Will there be interest rate cuts after the RRR cut?

After the overall RRR cut is implemented, the market is also concerned about the subsequent funding and interest rate trends.

As for the funding in December, China Sea Securities pointed out that after the RRR cut, there is no obvious gap in the base currency during the year, and it will form an impact on the funding at the end of the year. Further positive.

The agency pointed out that as the issuance of special bonds comes to an end during the year, fiscal funds will then be gradually allocated, and the funds will be fully “filled.” Further considering the implementation of the RRR cut in December, the “fiscal funds transfer + the implementation of the RRR cut” will form a strong support for funds, and the state of loose liquidity may continue until the beginning of next year.

As for whether there will be interest rate cuts after the RRR cut, there are different market views.

Shenwan Hongyuan is not expected to cut interest rates. “Rate cut without interest rate cut” is still a quantitative care in the direction of currency neutrality, which focuses on “neutrality with temperature”. “.

The agency believes that, first, the operational target attribute of the reverse repo rate is strengthened. The central bank’s current short-end inter-bank interest rate is around a 7-day reverse repo rate of 2.2%. The pattern of narrow fluctuations is very satisfactory, which means that the central bank will not operate quantitative tools to the point of excessive liquidity. In the process of accelerating the tightening of overseas monetary policy, the target of the policy interest rate curve will be lowered.It is also easy to cause a substantial depreciation of the renminbi. Second, the reduction of LPR may directly lead to a significant narrowing of commercial banks’ deposit and loan spreads and substantial loss of profits, which will erode the potential future asset expansion capabilities of the banking industry, and will not be conducive to long-term currency credit control.

However, the market also has different voices.

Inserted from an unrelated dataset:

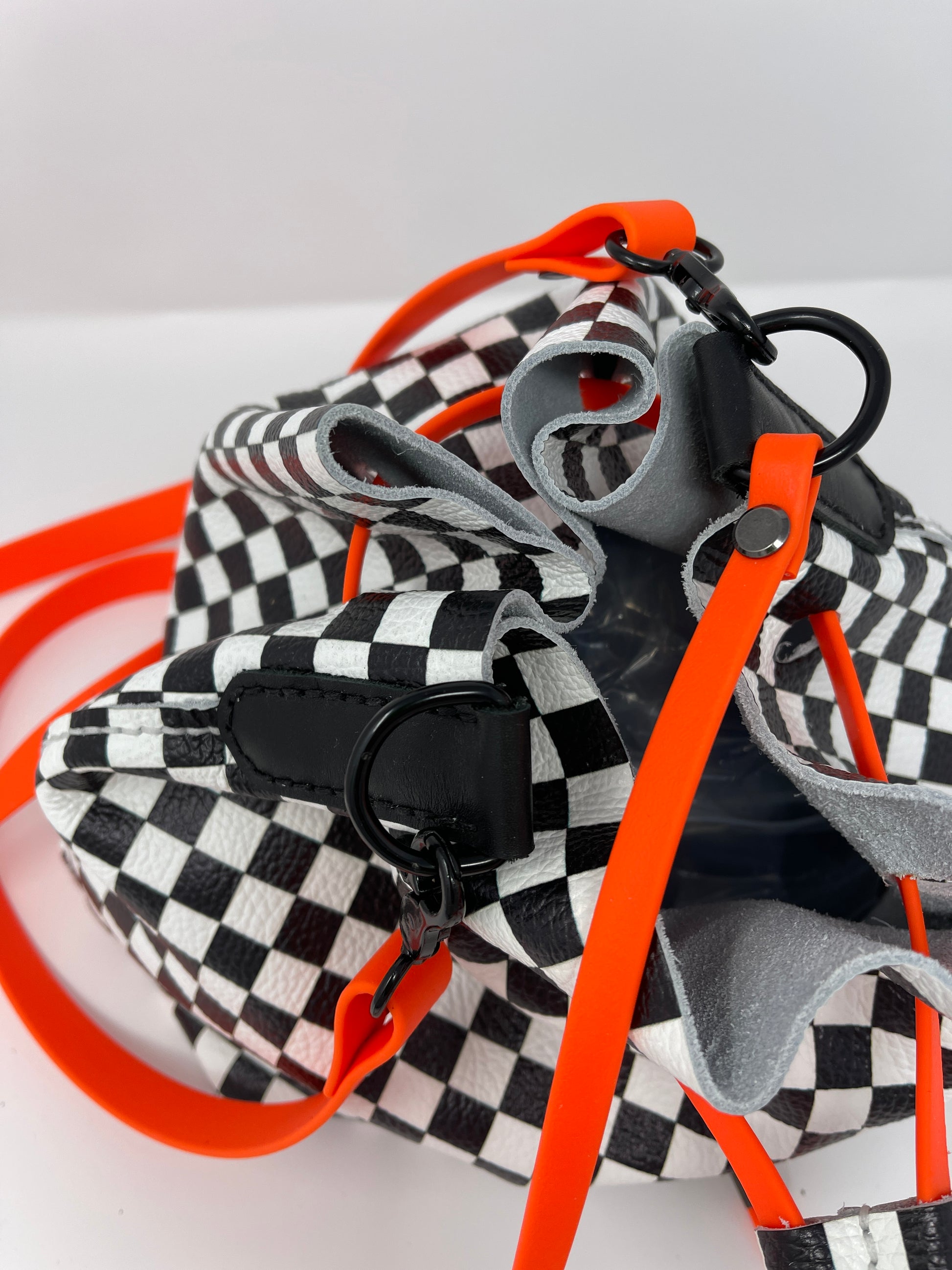 Checkerboard Leather and Neon Orange Drawstring Crossbody Bucket Bag

Zhang Yu believes that there is a possibility of interest rate cuts in 2022. From an ought point of view, the first half of 2022 has the “should” nature of the start of interest rate cuts (economic growth is at the bottom of the potential growth rate, industrial corporate profits may be negative in the second quarter, direct tools must be available, but it may be difficult to walk on one leg. , Huachuang’s macro DR007 model guides that economic operations should match the lower DR007 interest rate); from a practical point of view, after the autumn of 2022, there may be restrictions on US interest rate hikes. In the current economic down cycle, 2022 will be left to the decision-makers to smoothly relax. The strategic window is not very long.